Phil Perlo

No. 56
- Position: Linebacker

Personal information
- Born: December 6, 1935 Washington, D.C., U.S.
- Died: December 11, 1993 (aged 58) Houston, Texas, U.S.
- Listed height: 6 ft 0 in (1.83 m)
- Listed weight: 220 lb (100 kg)

Career information
- High school: Theodore Roosevelt (Washington, D.C.)
- College: Maryland
- NFL draft: 1958: undrafted

Career history
- Washington Redskins (1958)*; Houston Oilers (1960);
- * Offseason or practice squad member only

Awards and highlights
- AFL champion (1960);
- Stats at Pro Football Reference

= Phil Perlo =

American football player (1935–1993)

Phillip Donald Perlo (December 6, 1935 – December 11, 1993) was an American professional football linebacker who played one season with the Houston Oilers of the American Football League (AFL). He played college football at the University of Maryland, College Park.

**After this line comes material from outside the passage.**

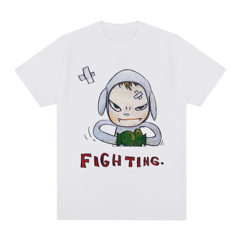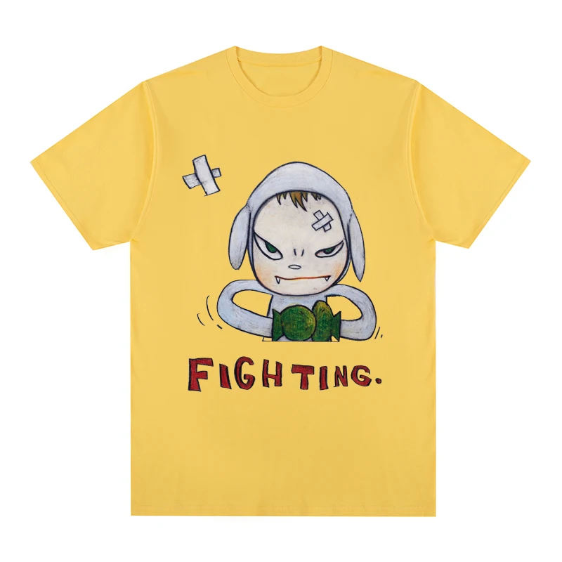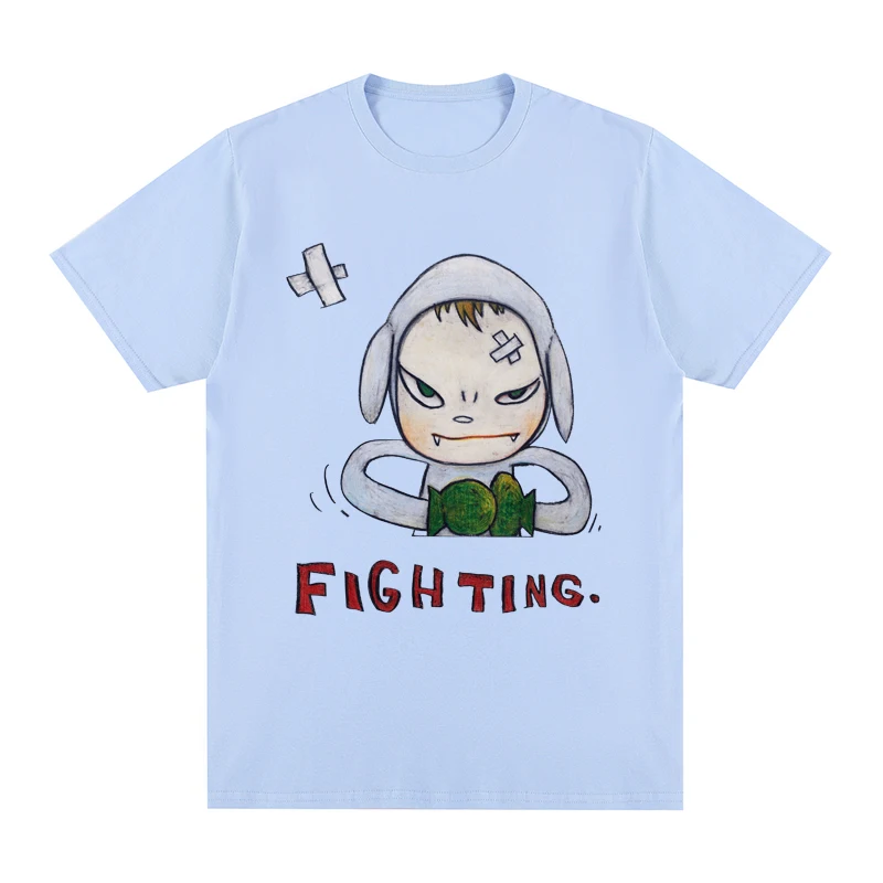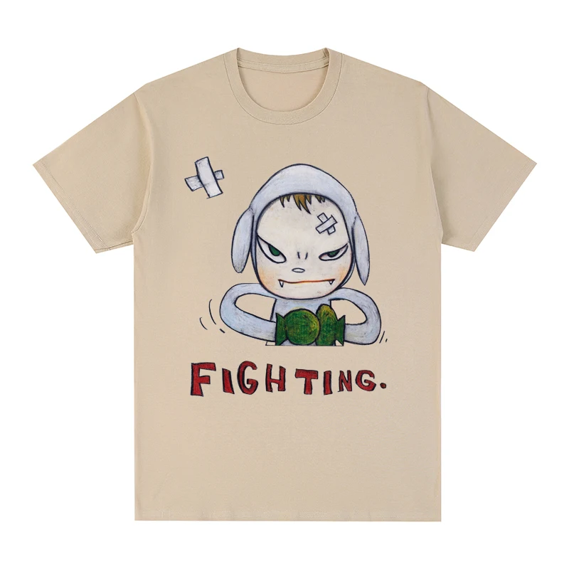 Футболка Yoshitomo с надписью Nara fight it out, Хлопковая мужская футболка, новая футболка, мужские топы Wo

==Early life and college==
Phillip Donald Perlo was born on December 6, 1935, in Washington, D.C., son of Abraham Perlo and Eva Orleans Perlo. In his senior year at Theodore Roosevelt High School (Washington, D.C.) Perlo, as quarterback and linebacker, led his team to the city championship.

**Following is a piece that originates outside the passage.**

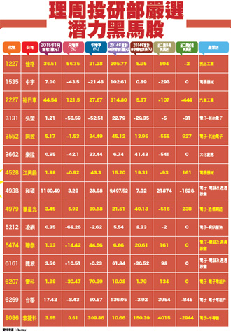 理周投研部嚴選佳格、裕日車、同致、樂陞、江興鍛、和碩、華星光、聰泰、雷科、台郡、宏捷科等高成長、淡季不淡長線績優股。台北股市喜迎新春開紅盤,市場氣氛急轉熱絡,大盤反映歐美股市強漲創高利多,指數喜創七年來新高點位!根據國際機構所做預測數據指出,二○一五年全球經濟成長率可望較二○一四年提高○.五~○.六個百分點。根據台經院公布最新預測報告指出,二○一五年台灣實質GDP成長率將為三.四八%,較去年表現好的結果,將有利台股今年後市表現。本周投研部選股邏輯與挑股方向,主要為協助讀者選擇今年有望持續受惠,產業長線基本面利多加持效應、具中長線營收獲利成長動能個股,以利進行後續布局操盤。因此,將選股重心放在為大家預先篩選出,後市財報面表現成績可望繳出亮眼成績單;同時,市場法人、主力也早已鎖定,也想趁著股價還沒有反映利多題材大漲之前,搶先布局、買進的漲升潛力股。預料它們接下來的股價表現,仍有機會在市場強勢買力推升下走揚上漲,順利上演農曆年開紅盤後亮麗行情。財報數字亮眼 法人優先布局的11檔潛力股透過最新公布財報數字分析、獲利能力強弱研判、法人鎖定加碼力道強度分析、市場籌碼歸屬方向釐清等重要選股程序,層層篩選、精挑細選出市場法人資金青睞、鎖定按讚的潛力漲升股,主要可粗分為:電子、傳產類股;再細分出次產業族群分類,歸類為:半導體、其他電子、通信網路、資訊服務、電子零組件、電腦及週邊設備、食品、電機機械、汽車、文創等次產業族群股。本周理周投研部所精選出標的個股中,財報數字表現優異,有利市場法人趁勢撿拾,領先布局以及買回的標的股有:佳格(1227)、裕日車(2227)、同致(3552)、樂陞(3662)、江興鍛(4528)、和碩(4938)、華星光(4979)、聰泰(5474)、雷科(6207)、台郡(6269)、宏捷科(8086)等。市場籌碼歸屬方向分析方面,在我們所選出標的個股之中,市場外資及投信法人近期較為看好,鎖定與買超力道較強勁、加碼態度較積極的標的股有:和碩、雷科、台郡等。和碩、雷科、台郡 法人默默搶貨Apple供應鏈和碩(4938):和碩去(二○一四)年強勢打入蘋果供應鏈,成功搶下iPhone 6部份組裝訂單,因而順利推升去年全年營收,強勢大增突破兆元新台幣關卡,預估年度獲利很有機會順勢創高,繳出亮眼成績單!市場人士目前大多預期,和碩今年將挾著去年的「搶親」蘋果iPhone 6部份組裝訂單旺盛氣勢,很有機會繼續包下超過一半以上的四.七吋iPhone 6S代工訂單,持續增添後市營運獲利動能。二月營收因受工作天數減少影響可能減少,三月份將可望維持一月千億元水準,外資機構看好和碩第一季營收有機會挑戰二八○○億元歷史次高水準。雷科(6207):被動元件設備廠,今年一月營收一.九八億元,年增率七○.三九%,表現亮眼。去年由於受惠晶片電阻廠擴增產能,以及老舊生產設備汰換潮產業利多,使得公司自第三季起即見到出貨明顯增溫,營運大幅轉佳有如倒吃甘蔗,第三季EPS繳出○.六四元佳績後,第四季更在訂單遞延效應加持下,營收更上層樓成長達六.六二億元,成功創下十三季新高,市場法人預估雷科單季EPS極有機會站上一元,全年可達二.二元水準,為過去三年以來最佳表現。預料後市營運表現,有機會於雷射切割機、散熱基板鑽孔機出貨需求力挺下,見到淡季不淡榮景。台郡(6269):台灣軟式印刷電路板大廠,今年一月合併營收一七.四二億元,年增率六○.五七%,表現大好。由於營運轉型見到明顯改善效應,順利推升台郡不僅去年第四季獲利喜創歷年單季新高,今年一月營收實績同樣成功改寫公司歷年同期新高水準。台郡於法說會上表示,展望今年營運後市,除第一季產能可順利增加三~四成外,後續每一季度表現也將有很大機會比去年同期好,公司可望歡喜迎來接下來三~五年成長高峰。
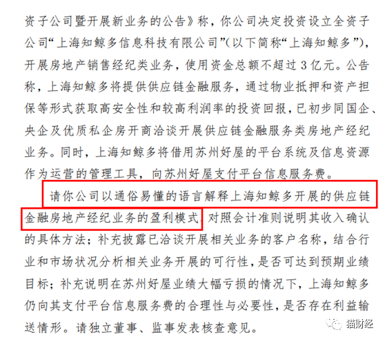 另外,针对公司近日设立的上海知鲸多信息科技有限公司(上海知鲸多)的业务模式,深交所要求公司用通俗易懂的语言解释供应链金融房地产经纪业务的盈利模式。

Perlo played college football for the Maryland Terrapins of the University of Maryland, College Park. He was a letterman in 1955 and 1957.

==Professional career==
Perlo signed with the Washington Redskins of the National Football League (NFL) on April 14, 1958, after going undrafted in the 1958 NFL draft. However, he was later released.

Perlo signed with the Houston Oilers of the American Football League (AFL) in 1960. He played in seven games, starting one, for the Oilers during the team's inaugural 1960 season and posted one sack. On November 13, 1960, against the Los Angeles Chargers, Perlo suffered a career-ending neck injury after colliding with Howard Clark. On January 1, 1961, the Oilers beat the Chargers in the 1960 AFL Championship Game by a score of 24–16.

==Personal life==
Perlo married Sue Gwen Ginsberg Perlo. He was inducted into the Greater Washington Jewish Sports Hall of Fame in 1992. He died on December 11, 1993 in Houston, Texas. He was buried in Washington, DC.